Mobile phone malware is everywhere. Over the course of a year, any one consumer has a 30 percent chance of clicking on an unsafe link, such as a phishing attack, when they surf the web on a mobile phone, according to a new survey by Lookout Mobile Technology. That’s 2.5 times more likely than just six months ago.
The problem is that many users believe smartphones are relatively immune from malware, because they’re on closed mobile phone networks. But now that smartphones can access email and the web, they’re prone to attackers who target the known vulnerabilities of data communications.
“There is a huge increase in malware relative to last year on mobile phones,” said Kevin Mahaffey, chief technology officer at San Francisco-based Lookout, which protects mobile phones against malware. “The likelihood of encountering malware keeps going up.”
In January, there were hundreds of malware detections a day. Today, there are thousands. The company is revealing the data at the Black Hat security conference in Las Vegas this week.
Mahaffey said in an interview that Lookout has encountered 89 variants of just one piece of malware, DroidDream, because virus writers keep changing it and republishing different versions of it on different Android stores. Another piece of malware, GGtracker, would spread by advertising links in popular games. You would see an add for a battery saver app. If you clicked on it, the ad would load malware into your phone. The malware would then start sending you premium text messages, resulting in a huge monthly bill for the user.
“It seemed like a trusted download,” Mahaffey said.
Many pieces of malware are hidden in repackaged apps. These are legitimate apps that are pirated and then packaged with malware and then are re-uploaded to app stores. Games, utilities and porn apps are the mostly likely targets for repackaging, Mahaffey said.
Also, the malware writers are getting more clever. Now they are publishing clean apps that actually do something useful and are therefore likely to spread wide. Once they are widely distributed, the malware creators upload an update with malware into the app, which compromises the user’s phone.
“I hate to call it innovation, but we expect to see more clever ways about how to trick users into dowloading apps and how to make money from those users via malware,” Mahaffey said.

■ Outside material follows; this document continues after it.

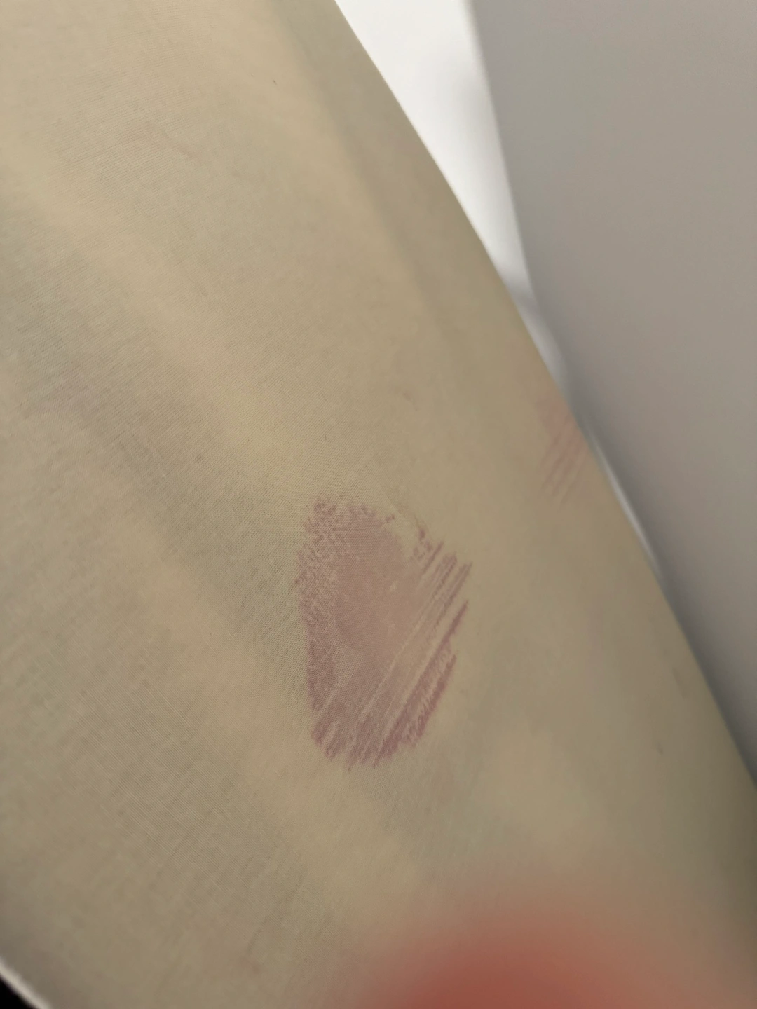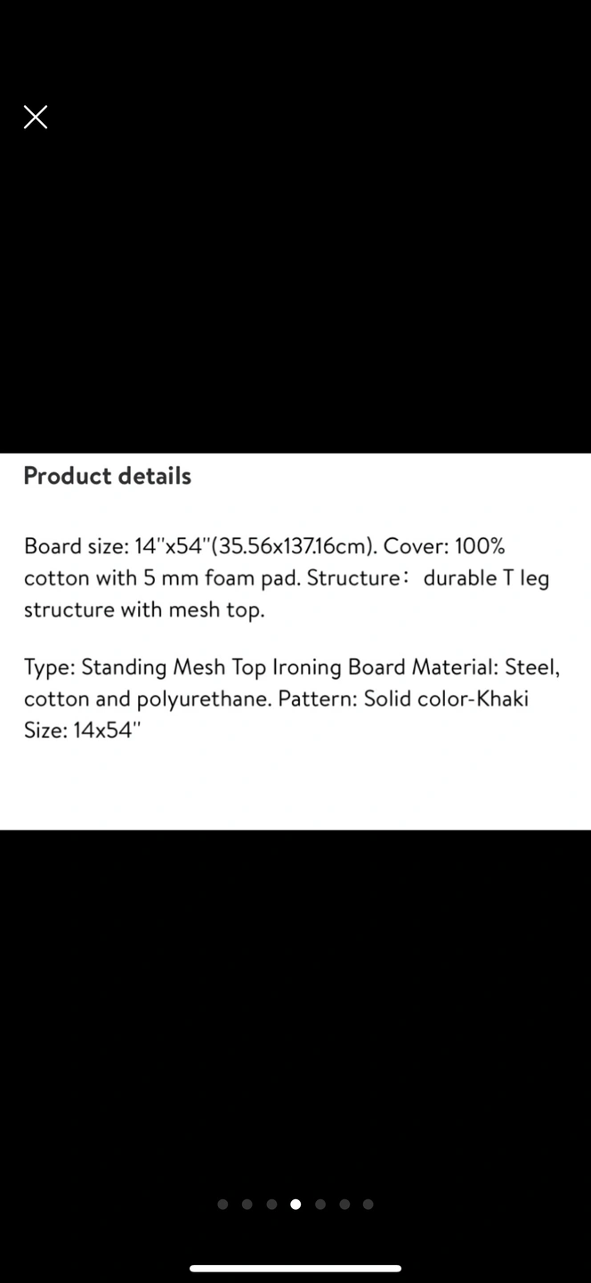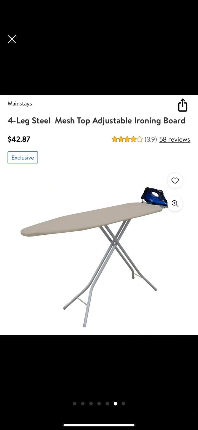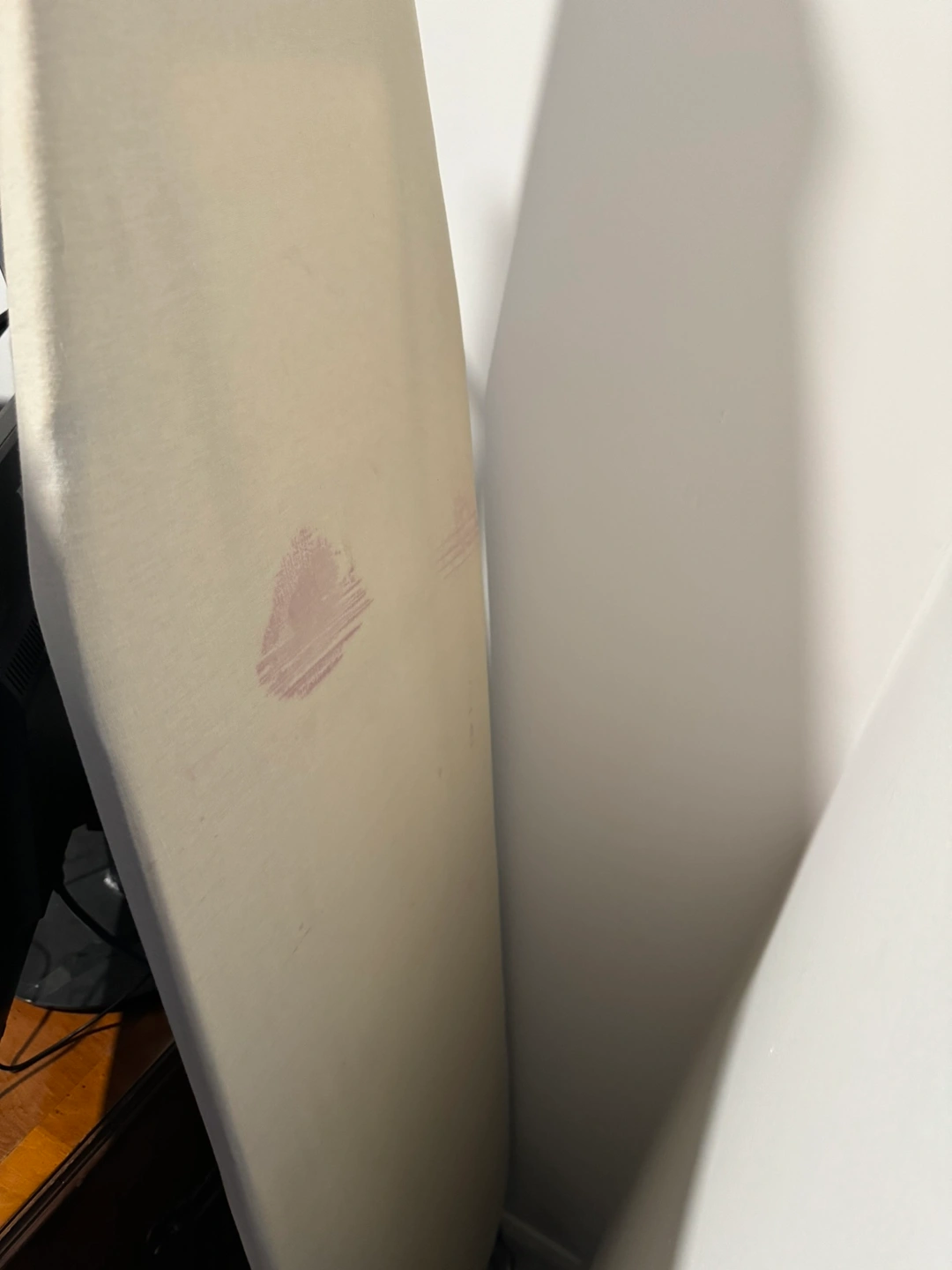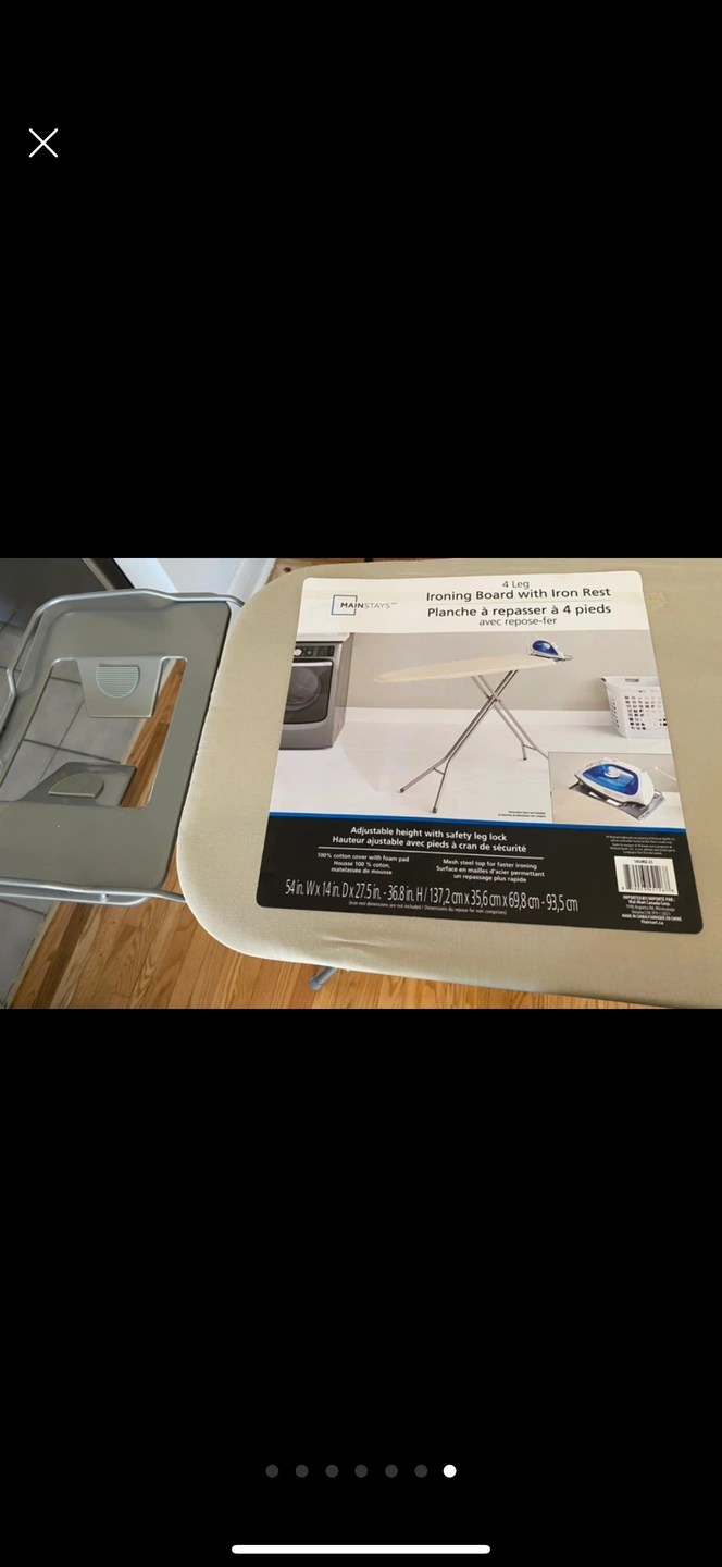 Ironing board with a mesh top, adjustable height, and an iron rest. Barely used , got a small patch of red stain, rest great condition .

Most of the malware is on Android phones, but malware has spread through many mobile sites. Jailbroken phones are particular targeted because such apps exploit weaknesses in browsers to overcome a phone’s security. Malware can also attack the kernel layer of a jailbroken phone, much like what happens on the PC. Lookout has more than 10 million users across the globe, and its Mobile Threat Network scans more than 500 million apps a day.
Malware apps are now digging into personal wallets and personal information stored on phones. The malware can take control of a phone, steal personal data, or steal money. Lookout is funded by Accel Partners, Index Ventures, Khosla Ventures and Trilogy Equity Partners. Its app is available on 400 mobile networks in 170 countries. The company has been analyzing just about every known app through its App Genome Project, which has collected more than 700,000 mobile apps and is adding more than 1,000 aps daily. Lookout has around 60 employees.
Lookout’s app is available for free; a premium version has features such as more backup options and the ability to wipe your records from a stolen phone remotely. The premium version costs $2.99 a month.